This vulnerability in DKIM represents an exploit allowing serious attacks caused by erroneous assumptions made in DKIM's signature process. There is also a header field, which because of its label, may potentially mislead recipients into believing it contains valid "Authentication-Results" [RFC5451]. Common phrases such as "Authentication-Results", "pass", and "fail", rather than use of result codes belies introductory claims this header is not intended for direct human consumption.

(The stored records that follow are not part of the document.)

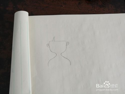 我们在脸型的两侧画上两只耳朵,半圆形的。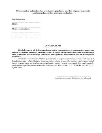 Oświadczenie o niekaralności za przestępstwo popełnione umyślnie ścigane z oskarżenia publicznego lub umyślne przestępstwo skarbowe Imię i nazwisko .................................................................. PESEL .................................................................. Miejsce zamieszkania .................................................................. .................................................................. .................................................................. OŚWIADCZENIE Oświadczam, że nie byłem(am) karany(a) za przestępstwo, za przestępstwo przeciwko mieniu, przeciwko obrotowi gospodarczemu, przeciwko działalności instytucji państwowych oraz samorządu terytorialnego, przeciwko wiarygodności dokumentów lub za przestępstwo skarbowe. Niniejsze oświadczenie składam pouczony(a) o odpowiedzialności karnej z art. 233 § 1 kodeksu karnego - ,,Kto składając zeznanie mające służyć za dowód w postępowaniu sądowym lub innym postępowaniu prowadzonym na podstawie ustawy, zeznaje nieprawdę lub zataja prawdę, podlega karze pozbawienia wolności od 6 miesięcy do 8 lat" – (Dz. U. z 2016 roku, poz. 1137 j. t., z późn. zm.). ....................................... ………………... (data i czytelny podpis składającego oświadczenie)
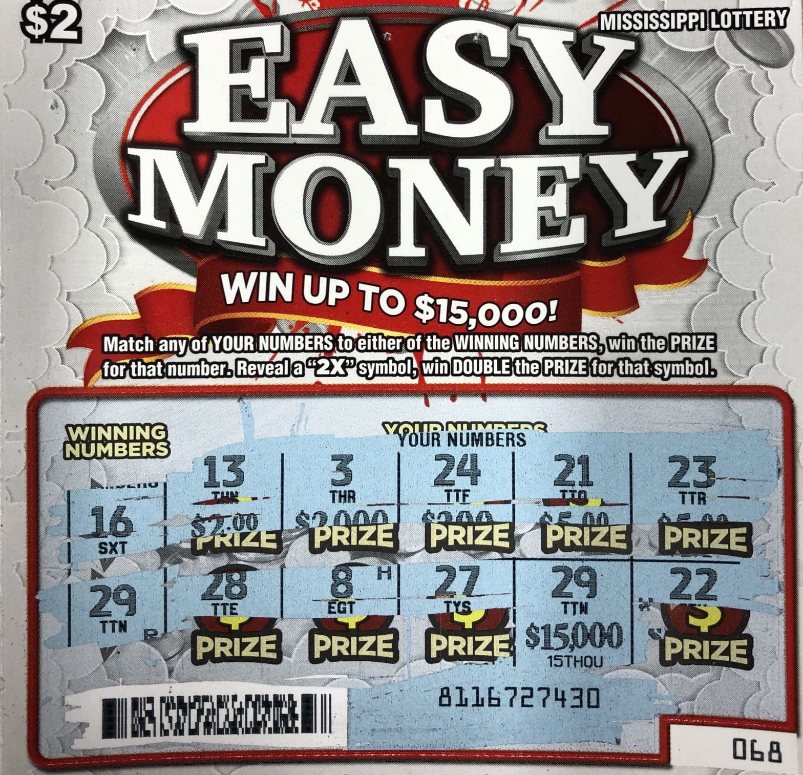A Starkville woman won $15,000 from an Easy Money scratch-off game purchased at Moreland Inc. on MS Hwy. 12 W., Starkville.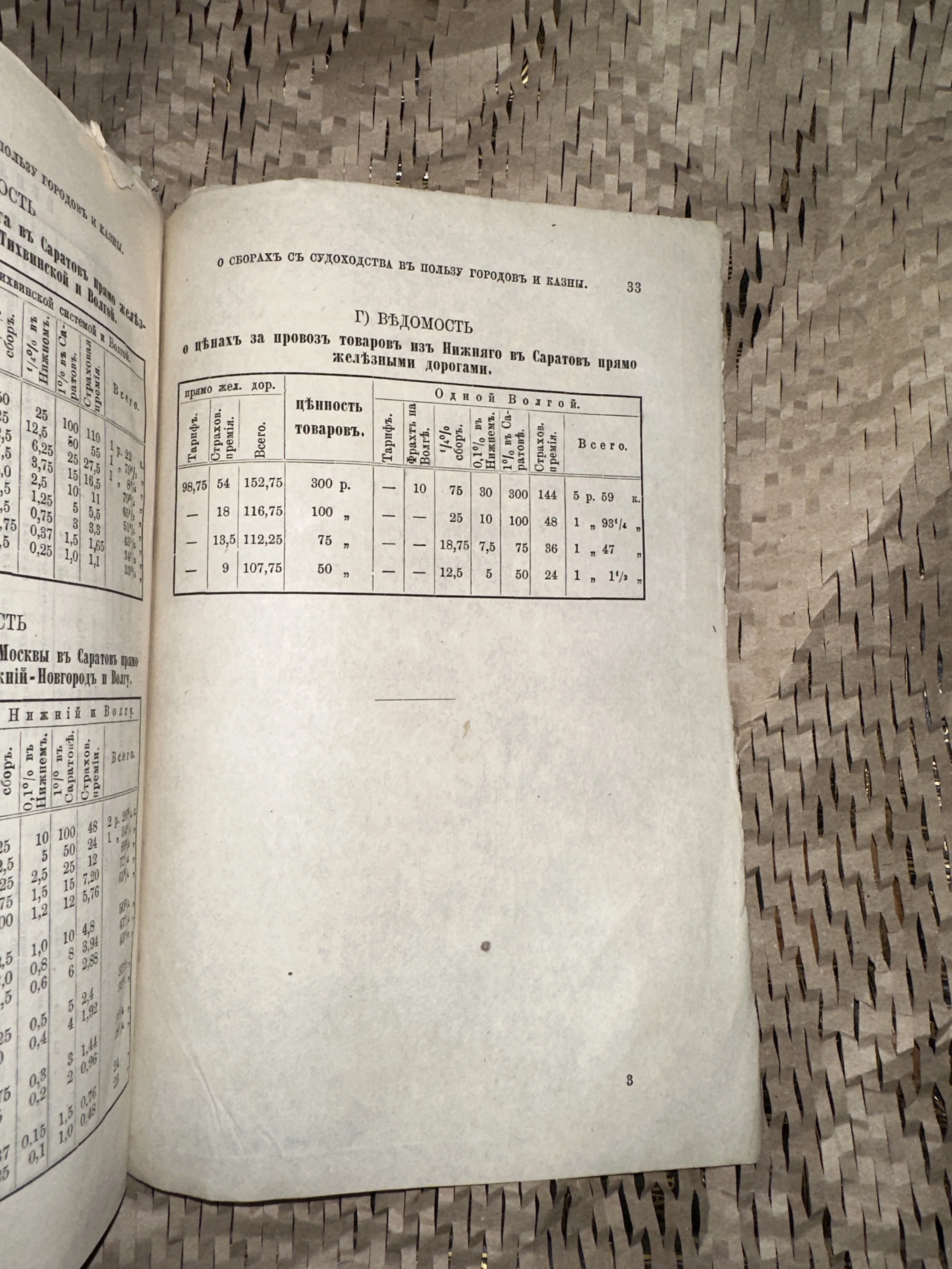 Старинная ведомость тарифов на перевозку грузов по Волге и железной дороге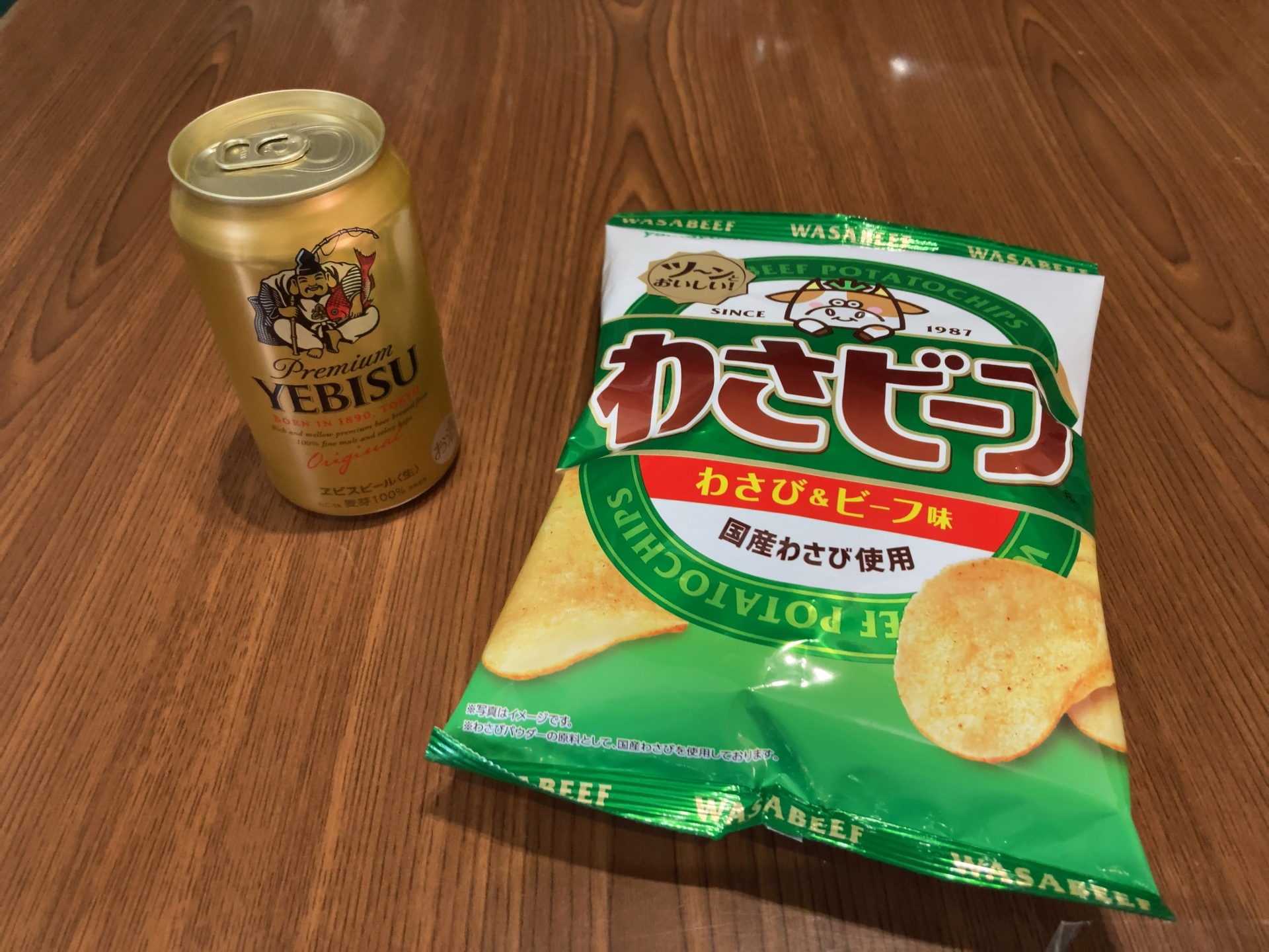Jr.が大好きな兵庫県朝来市で作られた、わさビーフをつまみながら、えべっさんをいだだき

8. Barriers to an Authenticated Domain

Some advocate use of DKIM as a means to obtain domain references based on the increased prevalence of this protocol. DKIM is independent of the domain actually sending the message and the recipient by design. Unfortunately, DKIM also does not attempt to protect against likely abuses that are also beyond the control of the signing domain in which DKIM signature validity conveys no assurance pre-fixed header fields have not changed what recipients see. As such, DKIM signing domains can not be held accountable for incidents of abuse appearing to violate subscription policies or that spoof other domains.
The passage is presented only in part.